Now, we're going to set a breakpoint on a line in our code, which indicates to PyCharm that when we run our program, we would like to pause the program before that line executes, and see what our variables look like at that point. To set a breakpoint, click on the editor's gutter, directly to the right of the line number, and note that a red dot shows up in that position. Set a breakpoint on line 32, which calls the foo function:

A breakpoint

Now, click the bug button next to the run button in the top right corner to start the debugger:

Debug button

After a brief pause, you should see line 32 highlighted, since the program is paused there, and the debug pane appear in the bottom of your PyCharm window:

Debug pane

The first portion of interest in this debuging pane is the Stack Trace, which shows all the functions that are currently running. Notice the top of this trace says main, since that is the function that most recently begun execution. That said, the key portion of this pane is the variables subpane, which displays the values of the program's variables. Right now, since we've paused our program before line 32 executes, no variables have been created and so the pane doesn't show us anything. In order to step our program forward, we turn our attention to the toolbar of buttons at the top of the debug pane:

Debug pane

Far and away the most common buttons you'll be using are the leftmost two, which are called the Step Over and Step Into buttons, respectively. The Step Over button executes the current line of code in its entirety and moves on to the next one. If the current line of code contains a call to another function, the Step Into button jumps into the first function to be called on that line and pauses before it begins to execute. Click the Step Into button to step into the foo function.

Debug pane

Notice that the Stack Trace has updated to show that foo has been begun (and main hasn't yet ended), and that the variables pane has been updated to show the current value of foo's n parameter, which in this case is equal to 8, since we passed that value in when calling foo. Verify to yourself that this output makes sense, and then move the program forward a few lines by clicking the Step Over button a few times, noting that the program cycles through the for loop, and that entries for i and total are created and updated in the variables pane. As an added bonus, PyCharm displays the values for variables on the line at which they are declared.
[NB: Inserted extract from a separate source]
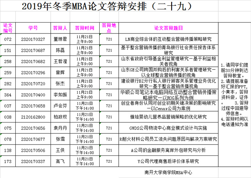 南开大学MBA中心2019年冬季答辩安排(二十九)
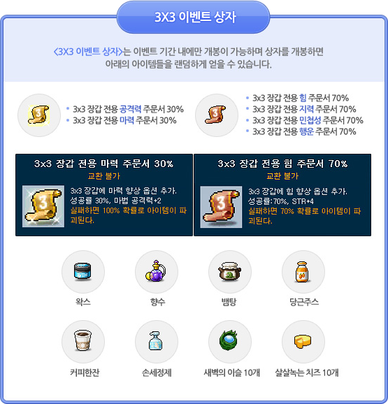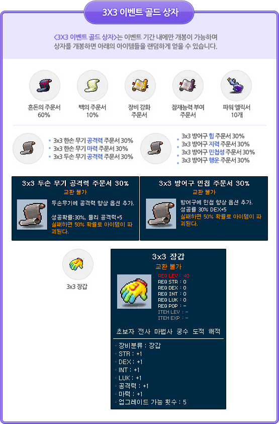 - 30% 3×3 Glove-only Attack/Magic Attack Scroll (can only be used on the 3×3 Gloves, gives 2 attack/magic attack, if failed destroys the item)

Keep moving forward in the program (the Step Over button will automatically jump out of functions when they return) until you get to line 33, at which point you should step into the make_mystery_list function. At this point, keep stepping forward, but pay particular attention to the value of lst in the variables pane. Notice that its members list gets updated as the function progresses:

Debug pane

As you keep stepping through the program, you'll notice the same is true for dictionaries:

Debug pane

Now that you have some familiarity with the debugger, open up broken_program.py, a simple program aimed at demonstrating the differences between how integers and lists are passed as parameters. Trace through the program, and then run it, verifiying that it behaves as you expect it to. Now, armed with the debugger, step through the program, making sure that the values of the variables are what you expect them to be at key points in the program.